WSIs contain voluminous amounts of data. One of the primary design goals has been to keep the computational complexity to the minimum possible level and to develop an efficient method that can process relevant tiles of an input WSI image quickly and classify the image into one of the four classes corresponding to the four HER2 scores. The second design goal was to have a feature set whose correlation to the percentage of membrane staining in the given sample could be easily visualized and interpreted by pathologists. The third design goal was to reduce the amount of information redundancy in the feature set by extracting a minimal set of characteristic features that would adequately represent the staining pattern and the percentage of staining. This paper presents two types of feature descriptors that have shown excellent intraclass correlation and interclass variance in our experimental analysis involving a large collection of WSI images. The first descriptor is called characteristic curves, and they represent the variation of the percentage of staining in an image tile with saturation levels of the staining colour [12]. The second descriptor is based on local binary patterns (LBPs) [13], and they encode information about the local texture variation in the image with saturation levels. The paper provides a detailed description of the WSI processing stages, the development and selection of features, and the experimental analysis performed. We hope that the methods presented in this paper will contribute significantly to the development of faster and accurate automatic HER2 scoring techniques in the area of breast cancer histopathology analysis.

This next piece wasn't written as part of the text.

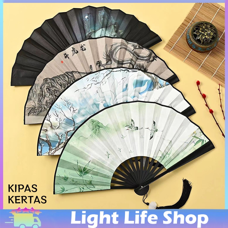 Kipas Kertas Cina /Kipas Lipat Kertas Motif Tiongkok / Kipas Lipat Sutra China

We would like to note here that the novelty of the paper is not on the classification technique used, but on the features extracted from the WSIs that directly correspond to HER2 features in IHC-stained images. Both characteristic curves and uniform rotation invariant LBP feature curves have demonstrated excellent discriminating power (interclass variance), making them useful in classification algorithms for automated HER2 scoring. The classification problem involves only an accurate estimation of the level of staining present in the slides in terms of percentage and saturation, together with relevant morphological and texture features, and therefore does not require highly complex feature vectors or complex neural network architectures with convolutional layers.

The paper is organized as follows: The next section gives a description of the dataset used, an outline of the HER2 assessment scheme, and an overview of the stages of the processing pipeline. Section 3 provides an introduction to a novel set of features called characteristic curves and discusses their computational aspects and properties. Section 4 gives an overview of local binary patterns, their computation, and introduces another set of feature descriptors called LBP feature curves. Section 5 gives a brief description of a classification algorithm using the proposed feature descriptors for classifying histopathological images based on their HER2 scores. Section 5 presents experimental results and a comparative analysis. Section 6 presents experimental results and analysis. Section 7 concludes the paper with a summary of the important aspects of the proposed features and outlines future research directions.

2. Materials and Methods

2.1. HER2 Assessment

The amplification of HER2 genes and correspondingly the over-expression of HER2 protein receptors play an important role in the development of breast cancer. The assessment of HER2 protein over-expression is done using the ImmunoHistoChemistry (IHC) test based on the percentage of membrane staining observed in tumor cells as well as the intensity of staining [2]. The mapping between the level of membrane staining and the reported HER2 score is shown in

Table 1. Correlation between the intensity and percentage of membrane staining and the assigned HER2 scores [2]. Reproduced from [12] with permission.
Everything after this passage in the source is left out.